To Kapil, who is fighting hard to prove his innocence, this must seem like a nightmare. His grand story of creating a robust financial services conglomerate has diminished fast into a tragedy, with value erosion at all levels.
Outlook Business sent emails to DHFL and Kapil’s communications agency, and neither of them responded.
What Kapil said around fifteen years ago still rings loudly in the ears of this financial-services professional. Kapil had said, “We will make a lot of money and so will you.” This was at a meeting to get the professional to join Dewan Housing Finance Corporation as CEO.
Narrating the story, the person does confess to having been impressed with the sales pitch. “Kapil can be very convincing when he wants to,” says the man, who today is an independent consultant. At that point, Dewan had just acquired Vysya Bank Housing in mid-2003 for Rs.230 million — a small change in today’s context as Dewan’s total housing loan portfolio would eventually reach Rs.9.5 billion. A few months prior to this, IFC, a World Bank affiliate, had given Dewan a loan of Rs.700 million. Known to be conservative with its lending decisions, this was viewed as a big breakthrough moment for Dewan.
Much as the person gave the lucrative offer a good, hard thought, he decided to turn it down. “Kapil was slick. It’s hard to beat him when it comes to being suave or wearing the right labels, but there was also a sense of discomfort about the business,” says the consultant. According to him, there was always unease in the market about the company’s source of funding, and its proximity with the government and bureaucrats. Interestingly, that opinion about Kapil is unanimous in conversations with anyone who has known him as an employee, business associate or an acquaintance.
Kapil has always lived a hallowed life, in a sprawling apartment in Bandra, an upmarket Mumbai suburb. He owns several floors in the same building. Always surrounded by gun-toting security guards sourced from Israel (some of them are rumoured to have worked for Mossad) and Ukraine, Kapil’s existence was that of a film star, politician and a businessman all rolled into one. Ostentation was the name of the game. Many who knew him say he lived it up with a car fleet that had the likes of Rolls-Royce Phantom and Bentley, apart from owning a luxury yacht. “Kapil’s reputation was always ahead of the business. Nothing interested him more than access to the rich and powerful,” remarks a prominent Mumbai-based real-estate developer.
Right after acquiring an MBA from Australia’s Edith Cowan University, Kapil joined the family business of affordable housing in the mid-1990s, when his father Rajesh ran the business with brother Rakesh.

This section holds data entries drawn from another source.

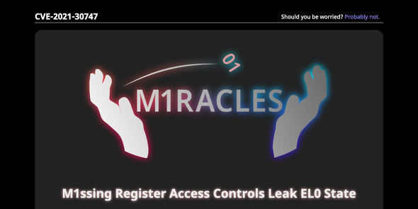 LinuxをApple M1へ移植する取り組みの副産物としてApple M1にプロセッサ設計上の脆弱(ぜいじゃく)性が明らかになった。開発者はこの脆弱性を「M1RACLES」と呼ぶとともに、次のページで発見された脆弱性の詳細を説明している。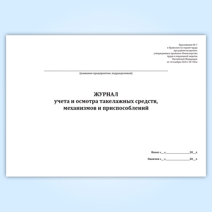 Журнал учета и осмотра такелажных средств, механизмов и приспособлений (Приказ Минтруда России от 16.11.2020 N 782н) в Обнинске купить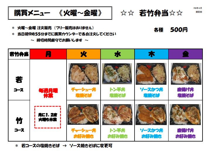 ▶注文は朝9時55分までです。2限目が始まるまでに各自お金を購買まで持ってきてください。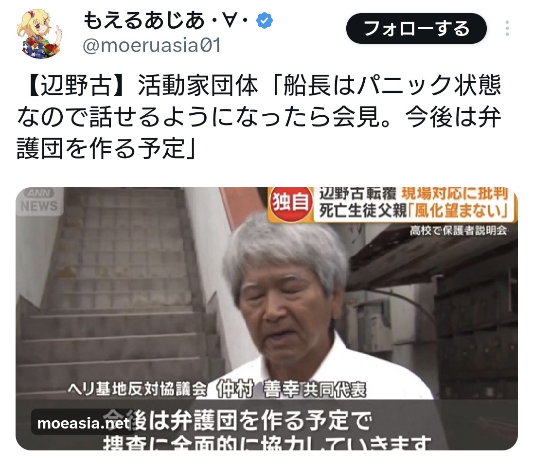 辺野古沖で船2隻が転覆した事故です。先日行われた学校の保護者説明会には亡くなった生徒の父親が出席し、「情報が出なくなって風化していくことを望んでいない」と心境を明かしました。レス10件省略。全て読むには返信ボタンを押してください。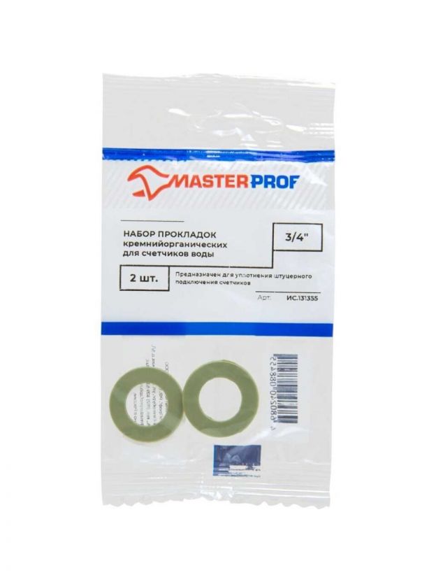 Набор прокладок сантехнических для счетчика, 2 шт, 3/4", силикон, прозрачные, MasterProf, ИС.131355

When the two senior Wadhawans started out, in 1984, it was only the second housing finance company (then known as Dewan Housing) in the country after HDFC and they focused on Tier-II and Tier-III locations.

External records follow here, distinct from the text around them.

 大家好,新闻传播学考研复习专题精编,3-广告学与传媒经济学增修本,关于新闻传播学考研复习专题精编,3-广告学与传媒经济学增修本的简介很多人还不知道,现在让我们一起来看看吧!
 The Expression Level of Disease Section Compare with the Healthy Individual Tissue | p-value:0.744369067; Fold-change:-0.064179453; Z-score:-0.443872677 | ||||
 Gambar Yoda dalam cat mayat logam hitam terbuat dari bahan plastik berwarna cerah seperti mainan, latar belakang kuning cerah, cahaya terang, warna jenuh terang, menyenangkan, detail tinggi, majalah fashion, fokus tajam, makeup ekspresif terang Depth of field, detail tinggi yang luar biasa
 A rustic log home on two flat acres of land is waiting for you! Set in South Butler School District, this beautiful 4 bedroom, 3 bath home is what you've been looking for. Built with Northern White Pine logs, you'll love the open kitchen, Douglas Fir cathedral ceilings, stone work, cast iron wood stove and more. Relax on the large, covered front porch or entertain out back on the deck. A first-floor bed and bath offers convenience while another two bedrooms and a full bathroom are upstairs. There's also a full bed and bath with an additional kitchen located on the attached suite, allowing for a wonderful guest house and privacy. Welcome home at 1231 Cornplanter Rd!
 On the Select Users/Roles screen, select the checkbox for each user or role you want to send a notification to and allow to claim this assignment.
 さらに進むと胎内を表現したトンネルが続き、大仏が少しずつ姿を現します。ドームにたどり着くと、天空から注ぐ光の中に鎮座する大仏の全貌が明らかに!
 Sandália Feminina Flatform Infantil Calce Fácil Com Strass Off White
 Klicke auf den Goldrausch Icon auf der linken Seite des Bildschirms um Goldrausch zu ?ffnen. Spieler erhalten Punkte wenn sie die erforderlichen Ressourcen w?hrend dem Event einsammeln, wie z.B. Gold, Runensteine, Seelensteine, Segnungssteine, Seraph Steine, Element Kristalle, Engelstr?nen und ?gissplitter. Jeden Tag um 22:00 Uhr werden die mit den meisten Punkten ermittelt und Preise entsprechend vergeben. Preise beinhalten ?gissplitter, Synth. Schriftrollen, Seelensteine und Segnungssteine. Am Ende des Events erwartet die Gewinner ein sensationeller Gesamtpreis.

Dewan became a player of serious consequence and Rajesh Wadhawan (he passed away in 2000 after going through a period of poor health) had always dreamt of growing it beyond housing finance. In time, Kapil got into areas such as insurance, asset management and education, both organically and through acquisitions. A close associate reveals that Kapil’s grand desire was to get into banking at some point in time.

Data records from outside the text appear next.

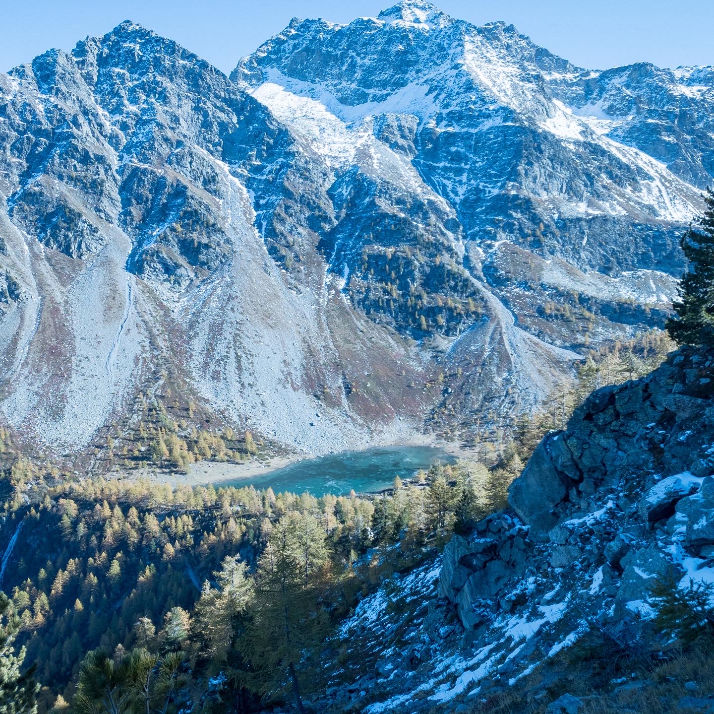 In lontananza il Lago d’Arpy incastonato tra le montagne , foto scattata dal sentiero per Punta Croce.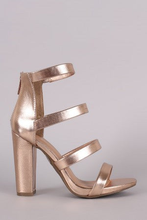 Bamboo Strappy Metallic Ladder-Up Chunky Heel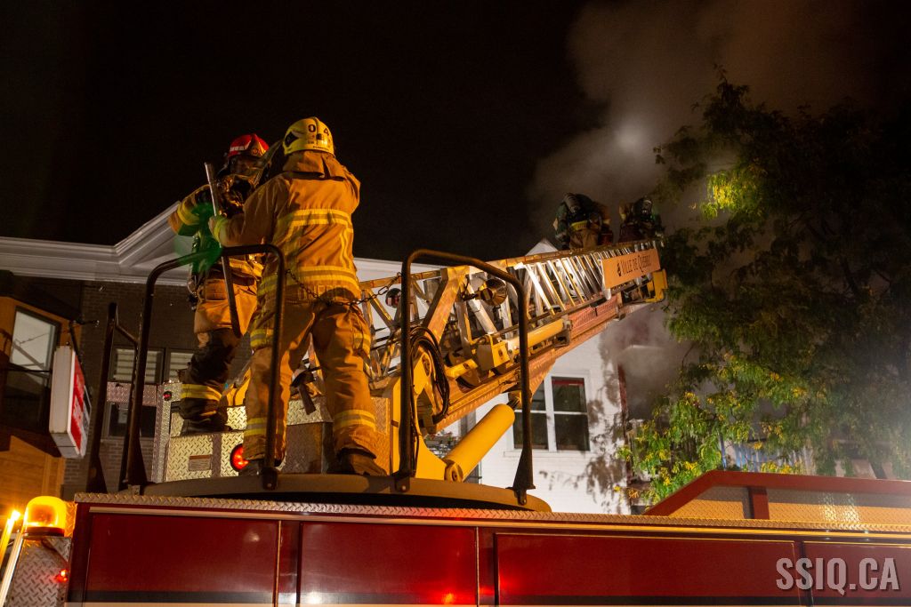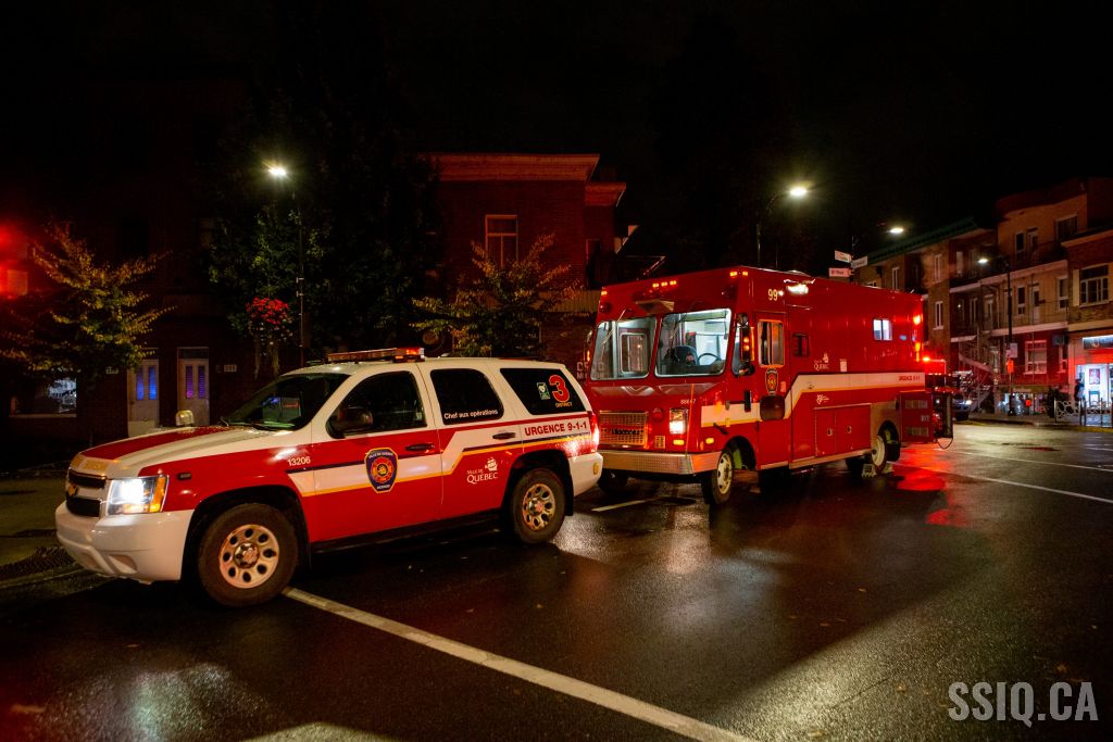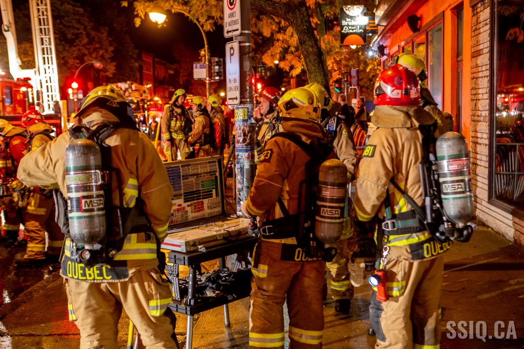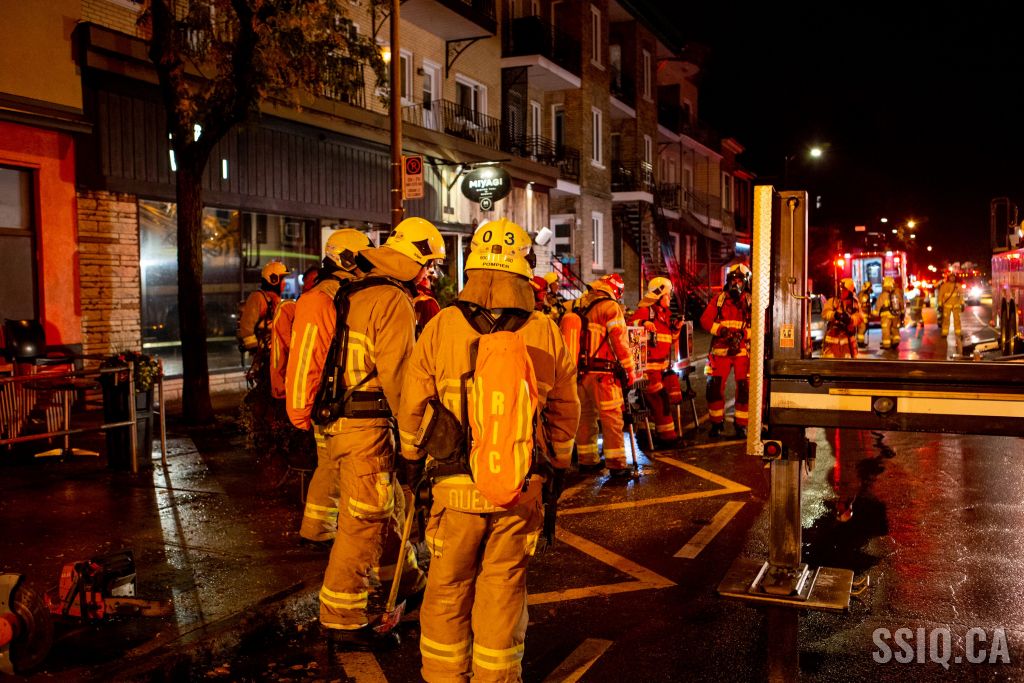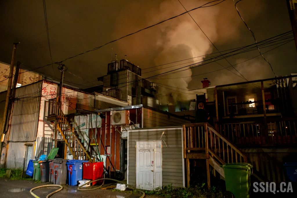 Les équipes procèdent à une attaque rapide. Le feu est dans la structure, dans l'assemblage d'un plancher. Les conditions de fumées se détériorent rapidement, le chef Savard (123) ordonne une 3e alarme.

The story goes that the senior Wadhawan had told his son to look for opportunities in roti, kapda aur makaan (food, clothing and shelter). With housing already in their kitty, Kapil, then 32, ventured into grocery retailing. The first outlet of Spinach was opened in 2006. In less than two years, he acquired Sangam Direct from Hindustan Unilever followed by Sabka Bazaar, then owned by Delhi-based Home Stores. Officials, who worked with him then, recollect Kapil as being fascinated by scale but also being a bit of a flawed boss. “He would give the professionals room but would listen only to those who were close to him. Unfortunately, most of them were not very competent. Kapil was sophisticated to the world but a lala (intent only on making money for himself) deep down,” says one of them. The grocery business struggled after the first three years and was sold to Kishore Biyani. Kapil then allegedly planned a fashion retail foray but dropped the plan after being advised against it by those around him. All his attention was now back on housing finance and he was intent on other opportunities in financial services. That was 2011.
From 2014, there was thrust towards lending to developers. Then, no more than 10% of the book came from developers. In three to four years, with the new strategy, that percentage almost doubled. But, in smaller centres, the quality of developers cleared for loans was dubious (See: Lack of prudence). This compromise did nothing to temper Kapil’s burning ambition.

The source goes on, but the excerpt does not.